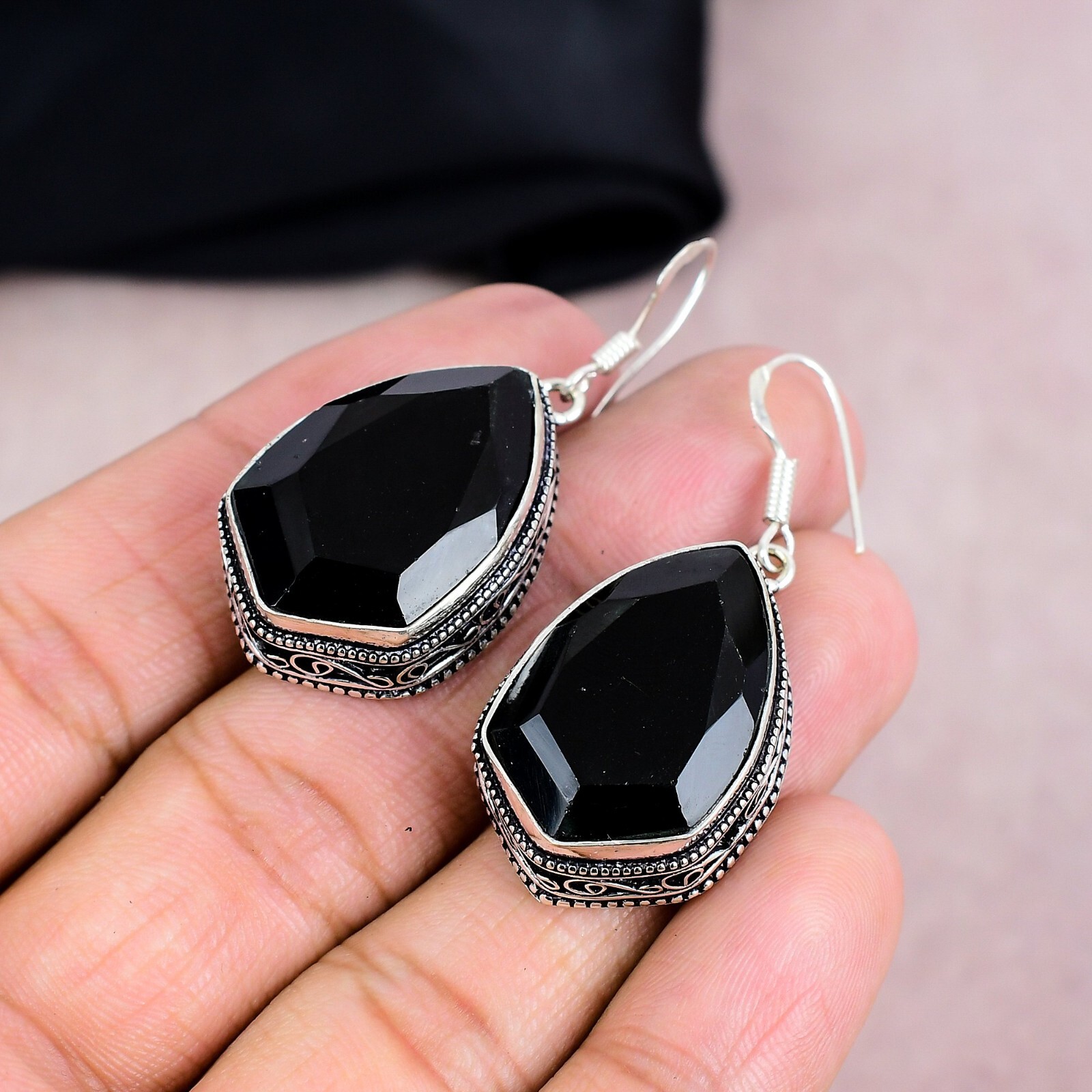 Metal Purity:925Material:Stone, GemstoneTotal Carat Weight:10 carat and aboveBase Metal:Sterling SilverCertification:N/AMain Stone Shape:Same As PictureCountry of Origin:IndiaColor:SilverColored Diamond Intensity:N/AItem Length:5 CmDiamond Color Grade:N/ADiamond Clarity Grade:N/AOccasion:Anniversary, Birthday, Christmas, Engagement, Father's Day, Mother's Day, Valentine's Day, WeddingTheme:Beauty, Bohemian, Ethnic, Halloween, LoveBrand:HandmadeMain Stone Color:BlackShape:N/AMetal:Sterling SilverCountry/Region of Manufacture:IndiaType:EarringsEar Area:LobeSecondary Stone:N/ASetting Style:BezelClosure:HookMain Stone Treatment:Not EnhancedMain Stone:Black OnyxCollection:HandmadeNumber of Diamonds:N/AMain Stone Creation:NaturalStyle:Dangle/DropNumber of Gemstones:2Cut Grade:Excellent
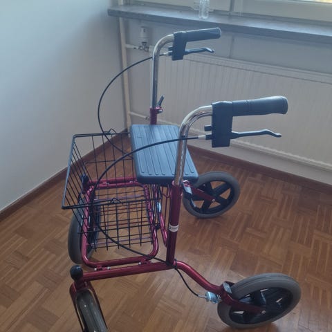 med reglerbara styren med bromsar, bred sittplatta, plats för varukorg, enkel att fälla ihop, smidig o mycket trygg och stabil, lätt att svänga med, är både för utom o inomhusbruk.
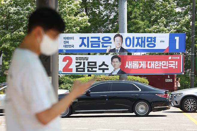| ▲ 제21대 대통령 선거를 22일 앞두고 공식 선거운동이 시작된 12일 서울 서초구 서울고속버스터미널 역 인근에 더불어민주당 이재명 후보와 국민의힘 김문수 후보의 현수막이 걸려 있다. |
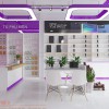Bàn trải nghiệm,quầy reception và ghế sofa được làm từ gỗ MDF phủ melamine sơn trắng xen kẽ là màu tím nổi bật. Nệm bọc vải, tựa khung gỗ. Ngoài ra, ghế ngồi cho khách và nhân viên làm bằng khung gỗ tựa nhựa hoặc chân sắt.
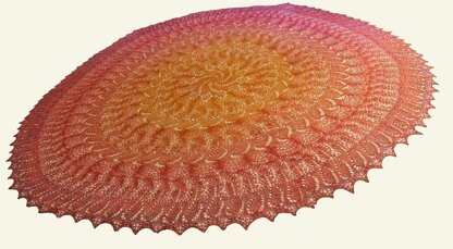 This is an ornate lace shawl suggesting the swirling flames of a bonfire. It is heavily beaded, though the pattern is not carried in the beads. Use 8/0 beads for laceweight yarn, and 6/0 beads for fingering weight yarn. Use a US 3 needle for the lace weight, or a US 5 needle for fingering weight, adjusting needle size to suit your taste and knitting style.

--

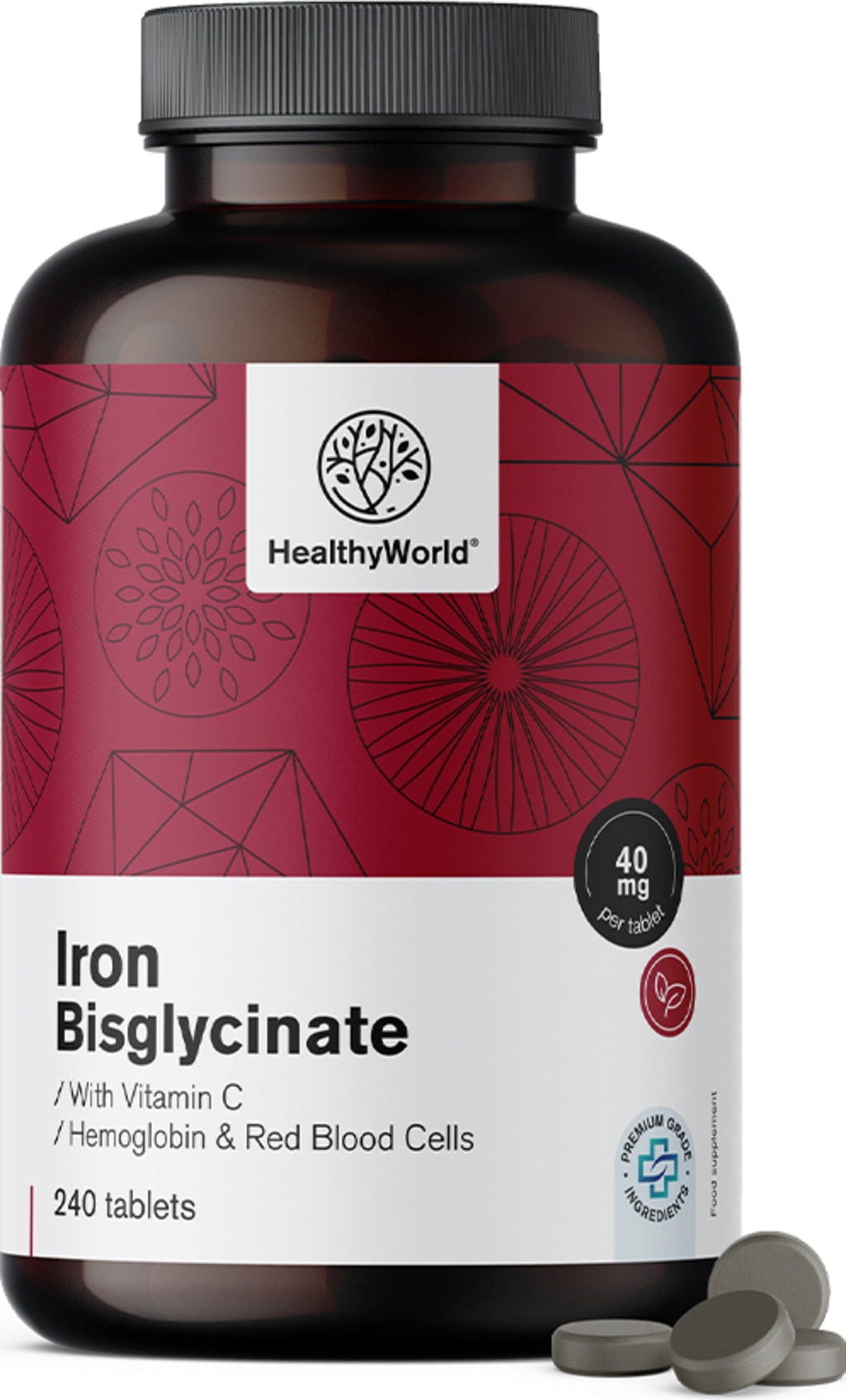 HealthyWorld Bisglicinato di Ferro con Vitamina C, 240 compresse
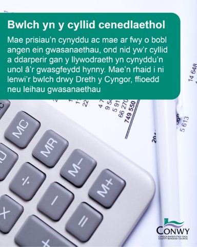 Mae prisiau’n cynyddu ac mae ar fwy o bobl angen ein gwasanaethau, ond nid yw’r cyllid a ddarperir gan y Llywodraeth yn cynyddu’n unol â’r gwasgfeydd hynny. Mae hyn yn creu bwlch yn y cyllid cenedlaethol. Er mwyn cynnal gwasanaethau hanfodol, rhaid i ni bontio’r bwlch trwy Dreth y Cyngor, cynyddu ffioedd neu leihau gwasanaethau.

- _What this task involves_:
Above, find the line holding "Bàn trải nghiệm,quầy" and the line holding "This is an ornate". Print exactly those two lines and every line between them, but no pictures.

- _Output of the task_:
Bàn trải nghiệm,quầy reception và ghế sofa được làm từ gỗ MDF phủ melamine sơn trắng xen kẽ là màu tím nổi bật. Nệm bọc vải, tựa khung gỗ. Ngoài ra, ghế ngồi cho khách và nhân viên làm bằng khung gỗ tựa nhựa hoặc chân sắt.
 This is an ornate lace shawl suggesting the swirling flames of a bonfire. It is heavily beaded, though the pattern is not carried in the beads. Use 8/0 beads for laceweight yarn, and 6/0 beads for fingering weight yarn. Use a US 3 needle for the lace weight, or a US 5 needle for fingering weight, adjusting needle size to suit your taste and knitting style.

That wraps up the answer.